Excerpted records
▽

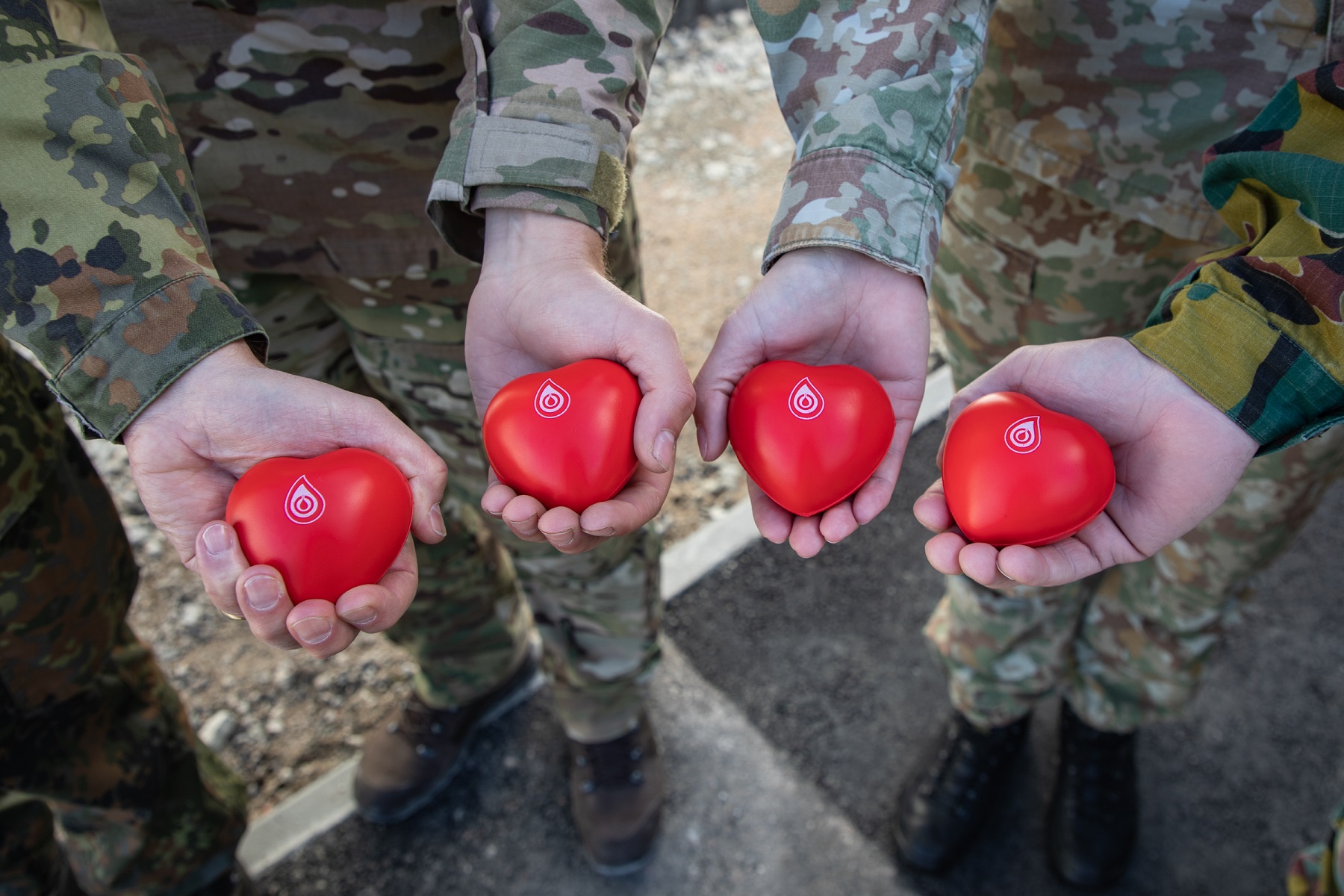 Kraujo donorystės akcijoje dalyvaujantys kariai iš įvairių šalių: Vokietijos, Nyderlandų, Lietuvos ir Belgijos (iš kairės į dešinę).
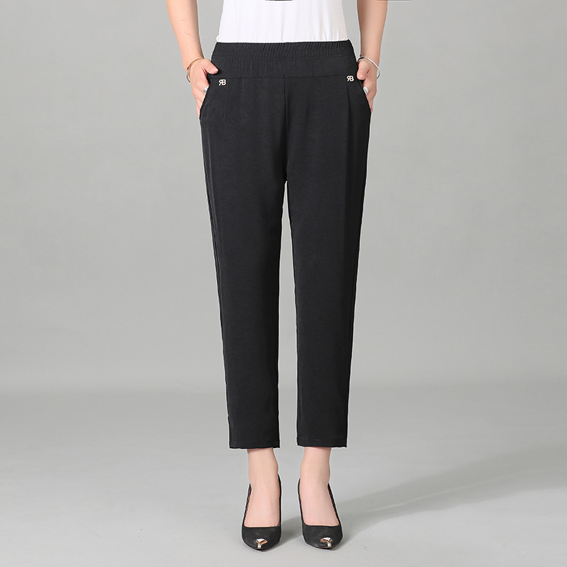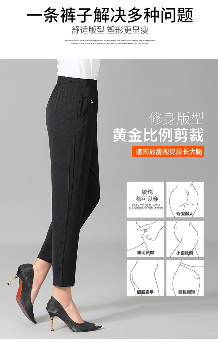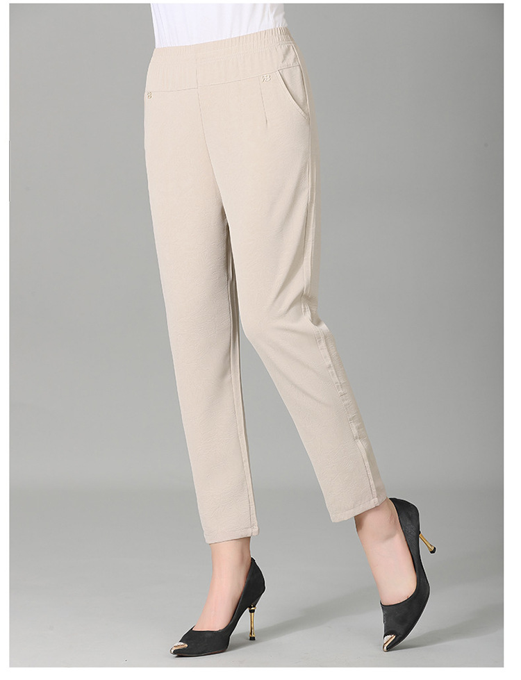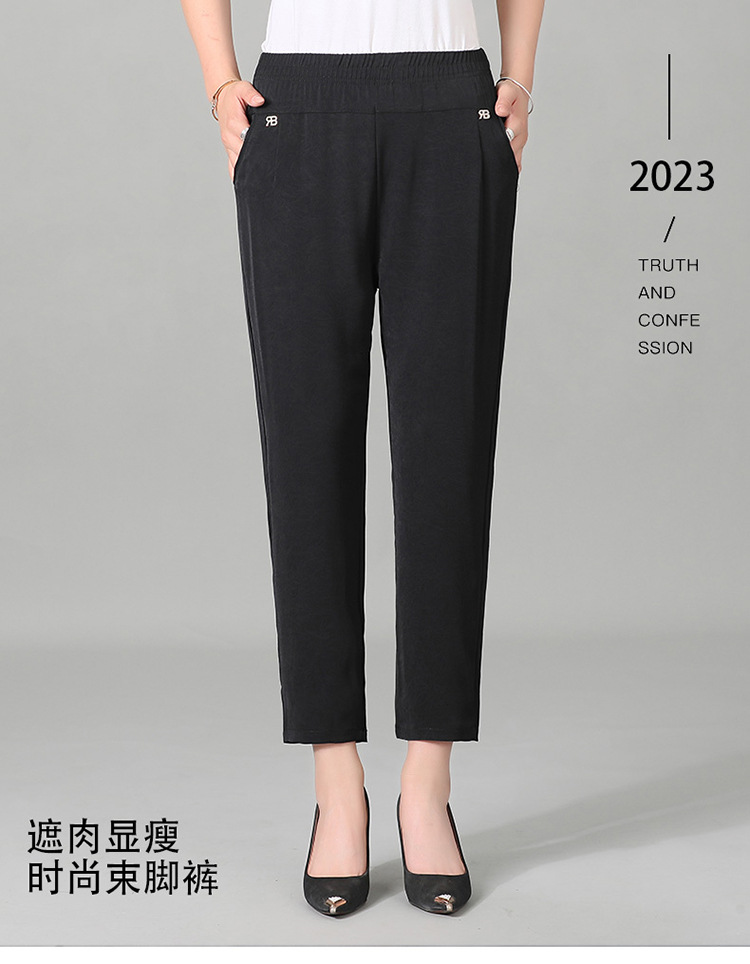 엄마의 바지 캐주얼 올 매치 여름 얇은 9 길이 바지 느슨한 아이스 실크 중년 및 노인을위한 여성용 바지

△
▽

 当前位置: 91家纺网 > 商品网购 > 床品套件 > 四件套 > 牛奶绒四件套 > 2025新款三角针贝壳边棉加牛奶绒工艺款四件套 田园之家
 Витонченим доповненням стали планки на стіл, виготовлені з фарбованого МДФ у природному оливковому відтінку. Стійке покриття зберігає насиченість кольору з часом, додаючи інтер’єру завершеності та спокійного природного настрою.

△
▽

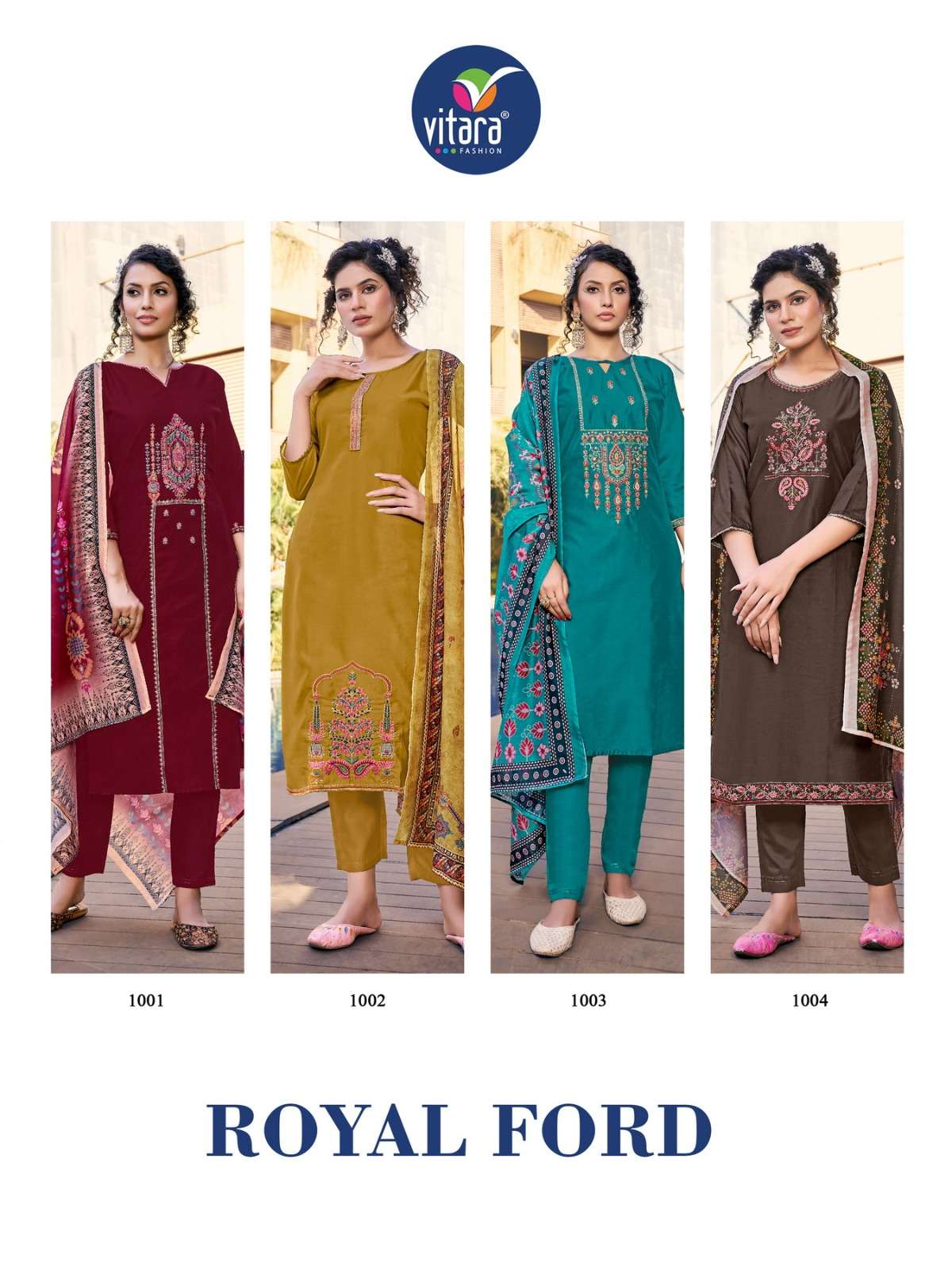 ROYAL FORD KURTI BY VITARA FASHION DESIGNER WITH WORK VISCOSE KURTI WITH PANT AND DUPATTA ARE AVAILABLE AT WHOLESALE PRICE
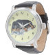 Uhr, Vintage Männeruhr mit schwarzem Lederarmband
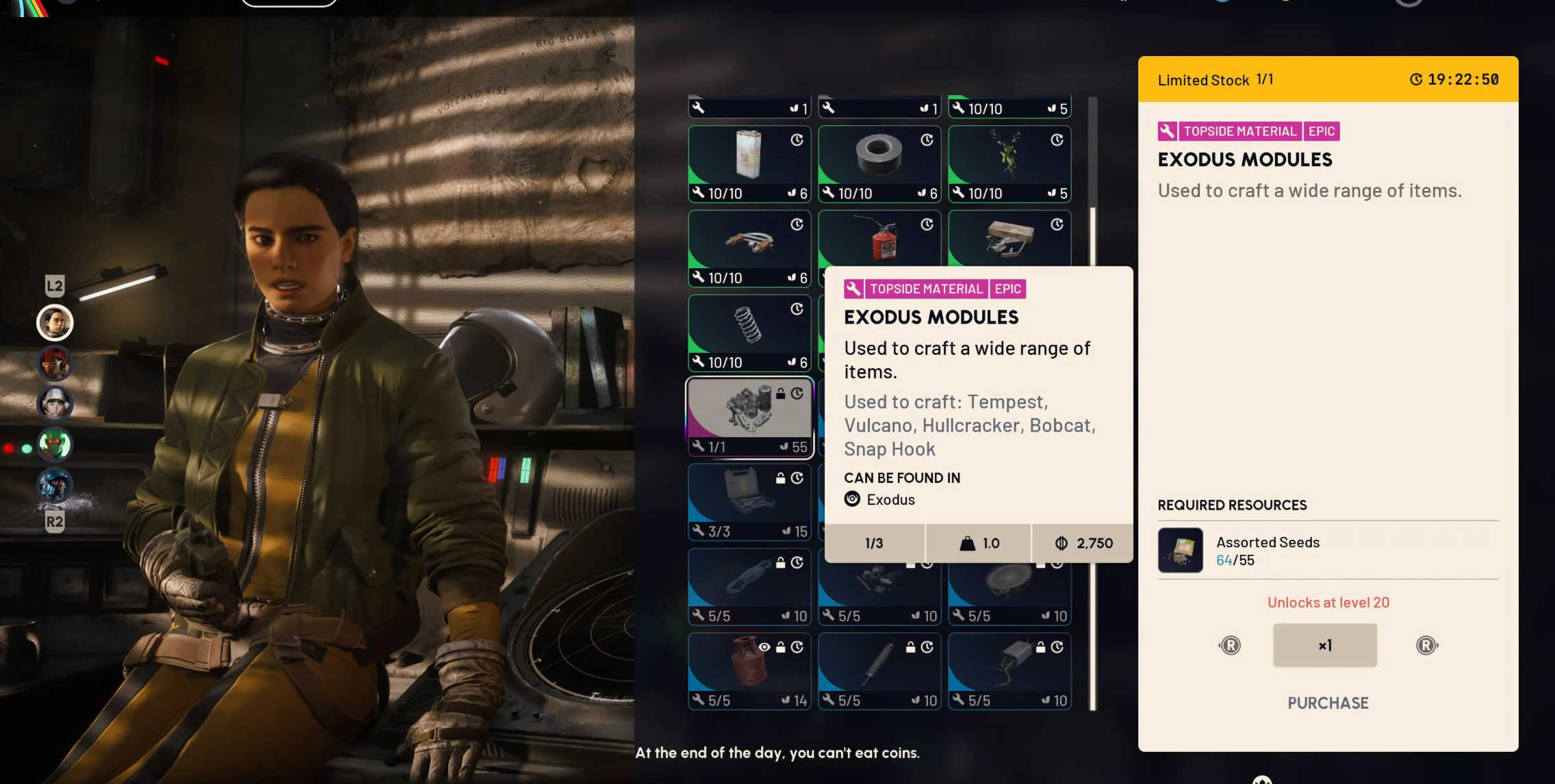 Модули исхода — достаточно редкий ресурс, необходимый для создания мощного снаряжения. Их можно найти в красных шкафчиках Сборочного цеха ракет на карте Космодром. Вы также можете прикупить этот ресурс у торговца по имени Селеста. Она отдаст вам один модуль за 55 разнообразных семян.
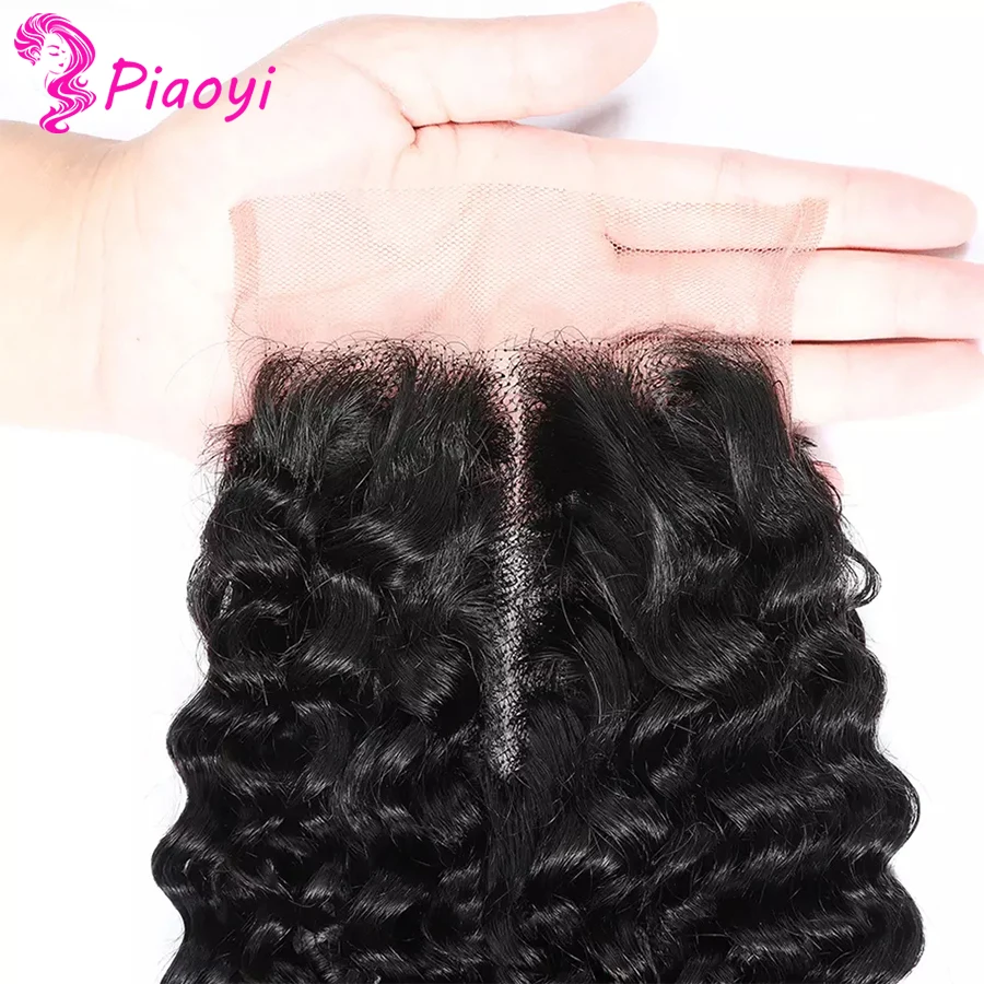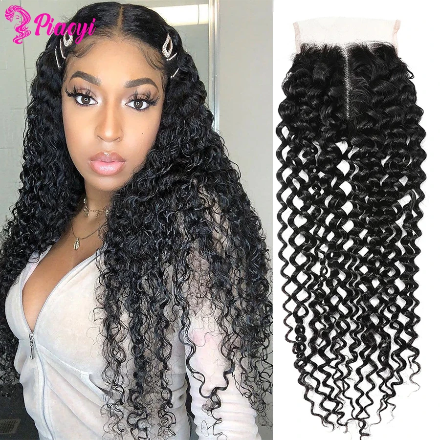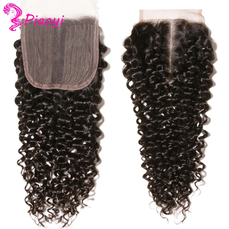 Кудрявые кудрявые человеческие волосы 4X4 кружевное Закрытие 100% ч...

△

Exercise description
Write out, word for word, the stretch of entries that begins at the line with "Kraujo donorystės akcijoje" and ends at the line with "엄마의 바지 캐주얼 올". Pictures do not belong in it.

Answer area
 Kraujo donorystės akcijoje dalyvaujantys kariai iš įvairių šalių: Vokietijos, Nyderlandų, Lietuvos ir Belgijos (iš kairės į dešinę).
 엄마의 바지 캐주얼 올 매치 여름 얇은 9 길이 바지 느슨한 아이스 실크 중년 및 노인을위한 여성용 바지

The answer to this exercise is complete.